Ce second volume de l’enquête monumentale du Chevalier Roger Gougenot des Mousseaux approfondit l’étude des pratiques occultes, en s’intéressant aux instruments, agents et méthodes de la magie. Dans une perspective historique et théologique, l’auteur explore les médiateurs humains et surnaturels, depuis l’Antiquité jusqu’à son époque, afin de démontrer la continuité et la nature véritable de ces phénomènes.
Il décrit d’abord les médiums et leurs prédispositions physiologiques, en comparant les pratiques contemporaines avec celles des civilisations anciennes, notamment les temples et les rituels de divination. Il s’arrête sur les moyens matériels de la magie – sommeil divinatoire, bâton sacerdotal, rites de guérison – pour montrer que ces procédés, loin d’être des superstitions isolées, s’inscrivent dans une logique universelle d’invocation de puissances invisibles.
Une large partie de l’ouvrage est consacrée aux hallucinations, aux visions et aux phénomènes extraordinaires rapportés par des témoins et parfois même étudiés par des savants. Gougenot des Mousseaux confronte ces récits aux analyses médicales et philosophiques de son temps, distinguant les illusions naturelles des manifestations préternaturelles. Il met en lumière le rôle des savants, parfois dupes, parfois complices, qui attribuent ces phénomènes à des causes naturelles alors qu’ils relèvent, selon lui, de l’influence démoniaque.

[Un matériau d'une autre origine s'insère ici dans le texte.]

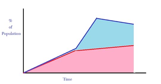 Now, one could move forward to a time of Stagnation. That is, the percentage of self-identified Christians tops off and may even begin to decline. One could see this as the church is failing. However, another POSSIBLE interpretation is that the social status of Christianity in the society has lessened, and so some drift away. In this figure, the percentage of true followers of Christ is still increasing.
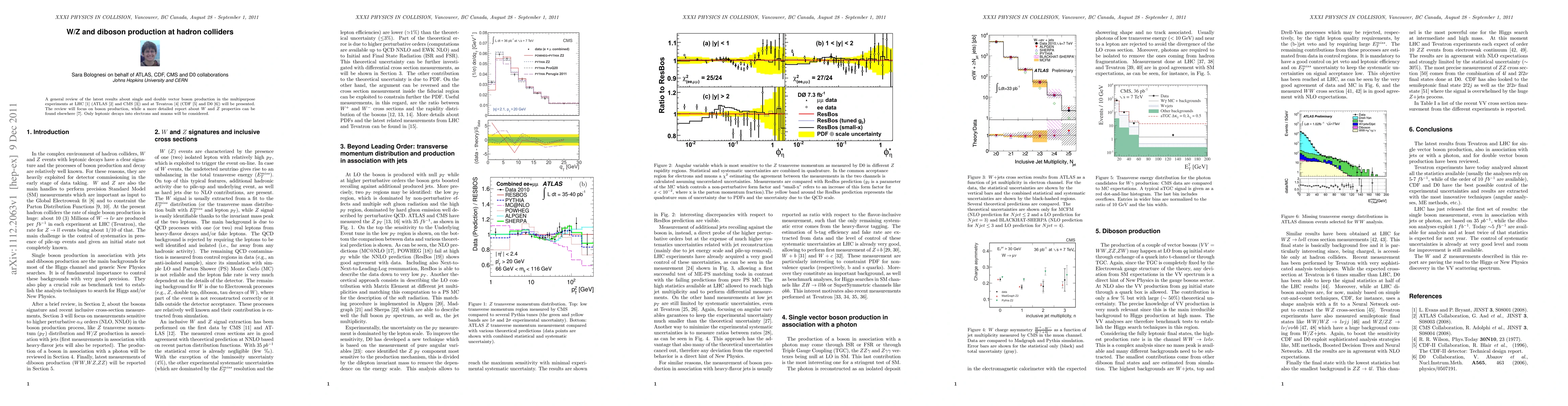 This paper reviews recent findings on W/Z and diboson production from experiments at the LHC (ATLAS and CMS) and Tevatron (CDF and D0), focusing on leptonic decays into electrons and muons. Detailed reports on W and Z properties are available separately.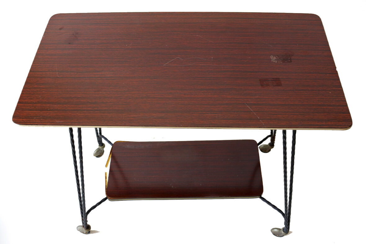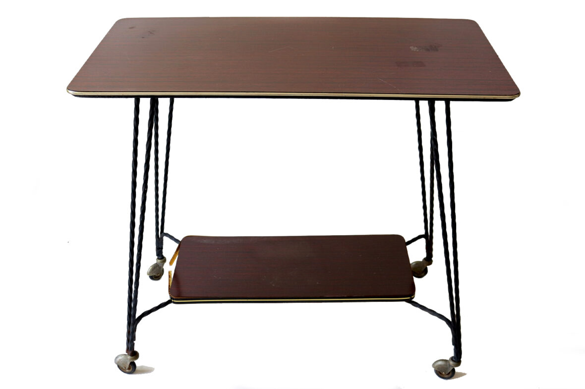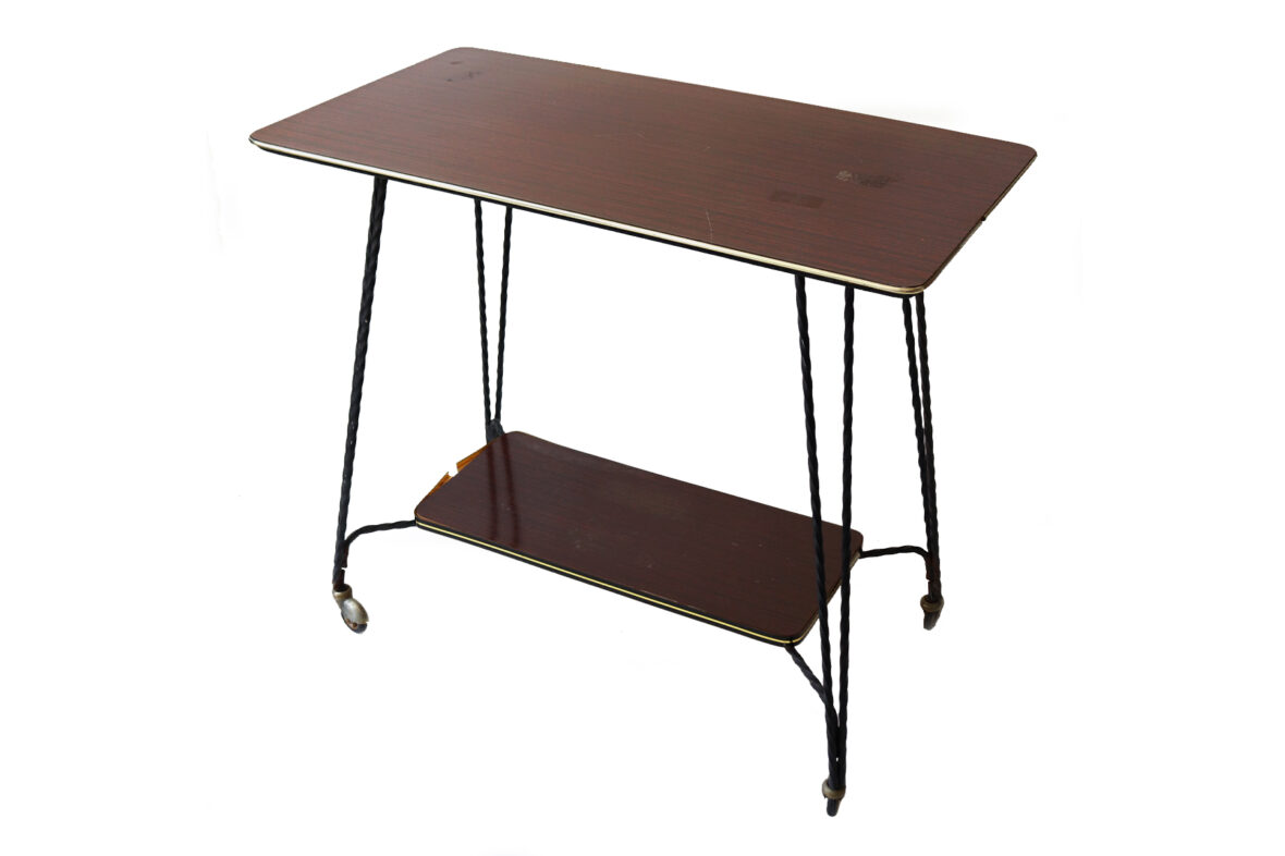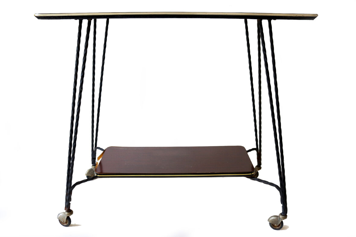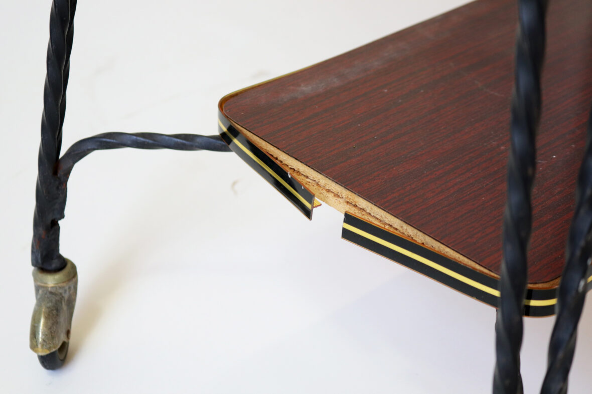 Desserte roulante en placage imitant l’acajou, à deux plateaux, le piètement en métal torse laqué noir.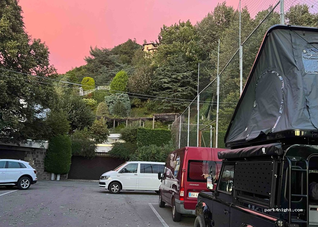 Nous avons passé une nuit au calme mais il faut savoir qu’il n’y a pas de vue, ni de toilette. Le parking est difficile d’accès (ok dans notre cas avec une voiture avec tente de toit) et à côté d’un terrain de football. L’acces vers Côme avec funiculaire n’est pas aussi facile que ce qu’on pensait car pendant la journée il faut bien attendre 45 min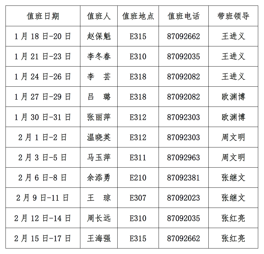 » 2022寒假值班表
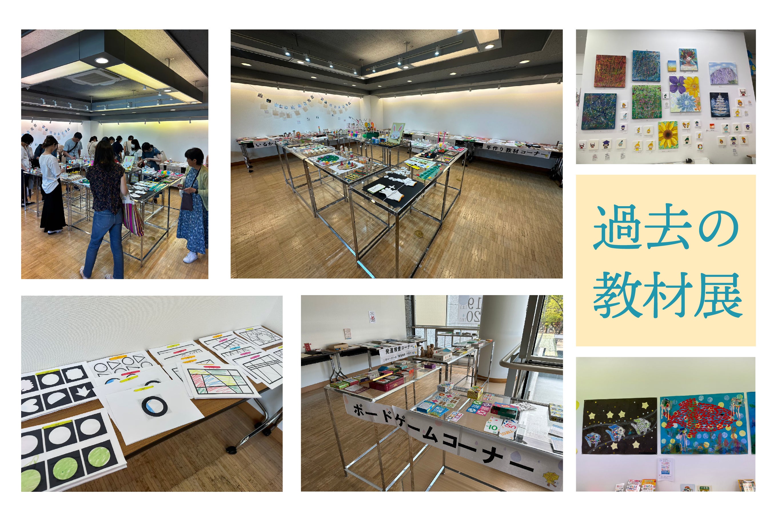 いるかどりが特別支援学級の担任として、目の前の子ども達の“声”を聴きながら手作りした教材が200点以上が展示されます。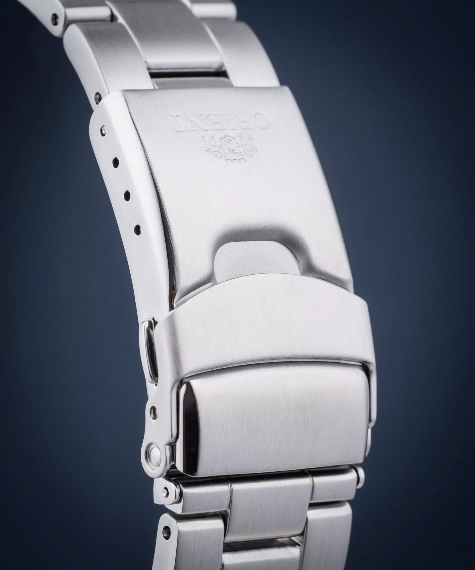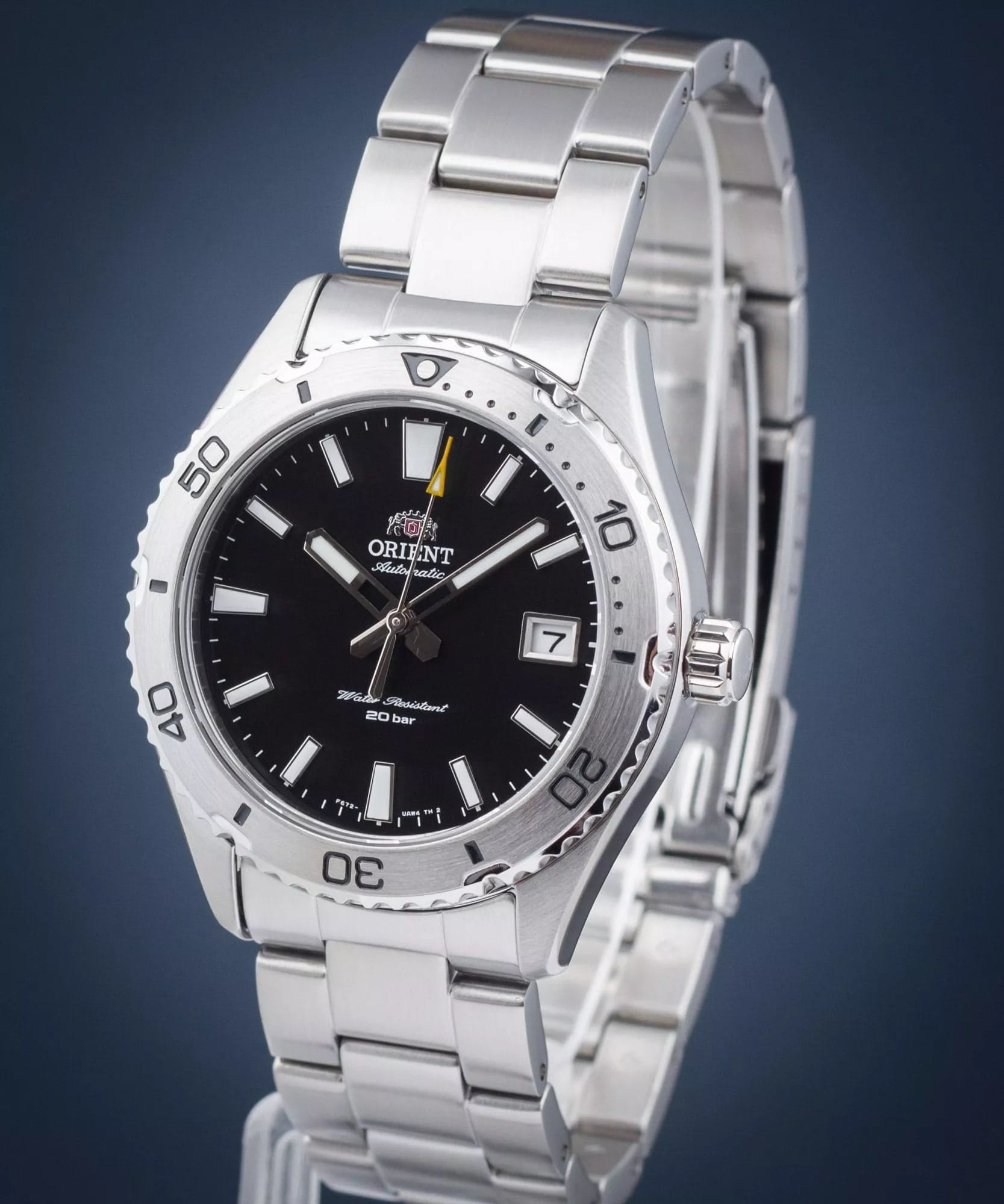 Мужские наручные часы Orient Diving Sport Automatic RA-AC0Q01B с надёжным автоматическим механизмом. Корпус и браслет часов изготовлены из нержавеющей стали. Сапфировое стеклоСапфировое стеклоПрочный и надёжный материал из кристалла сапфира синтетического происхождения, характеризующийся особой твёрдостью и устойчивостью к царапинам и повреждениям. высокой прозрачности с антибликовым покрытием. Стальной браслет на раскладной застёжкеРаскладная застёжкаТакой тип застёжки используется только на браслетах из металла. Она никогда не раскрывается полностью, происходит разделение на 2 и более частей. Раскладывающая застёжка снизит вероятность потери часов к минимуму.. Класс водозащиты: 200 метров, позволит плавать, нырять и заниматься другими водными видами спорта. Окошко дня недели и даты находится в положении 3 часа. Стрелки и метки с люминесцентным покрытиемЛюминесцентное покрытиеПозволяет считывать показания времени в темноте. Производители наносят на стрелки, часовые индексы, безель или поверхность циферблата светонакопительный состав, дающий холодное свечение.. Вращающийся безельБезельВнешний ободок, закрепляющий стекло. В спортивных часах так называется поворотное кольцо с делениями на циферблате, выполняет роль таймера – замеряет отрезки времени на шкале. Неподвижный безель – элемент декора. Однонаправленно вращающийся безель на дайверских часах позволяет фиксировать моменты погружения и выныривания на поверхность..

L’auteur aborde ensuite le thème du « fantôme humain » et du « principe vital », notions qui concernent la double présence de l’homme, la projection de son image et la persistance d’une forme spirituelle. Par des exemples puisés dans l’histoire, la médecine et les traditions religieuses, il propose une analyse critique de ce qu’on appellerait aujourd’hui des expériences paranormales. Pour lui, ces manifestations ne sont pas des illusions psychiques, mais des interventions occultes contraires à la foi catholique.
L’ensemble du livre constitue une réfutation vigoureuse du naturalisme et du rationalisme qui prétendaient expliquer ces phénomènes par des causes matérielles ou psychologiques. Gougenot des Mousseaux y oppose la doctrine de l’Église, rappelant que seuls les miracles divins sont porteurs de vérité et de salut, tandis que les prodiges de la magie, même revêtus d’une apparence de science, ne sont que des séductions de l’esprit du mal.
Ce second volume de l’enquête sur la magie décrit les médiums, les hallucinations et les apparitions spectrales, ainsi que la question du « fantôme humain » et du « principe vital ». Gougenot des Mousseaux y dénonce l’influence démoniaque cachée derrière des pratiques que les rationalistes attribuaient à la nature ou à la psychologie.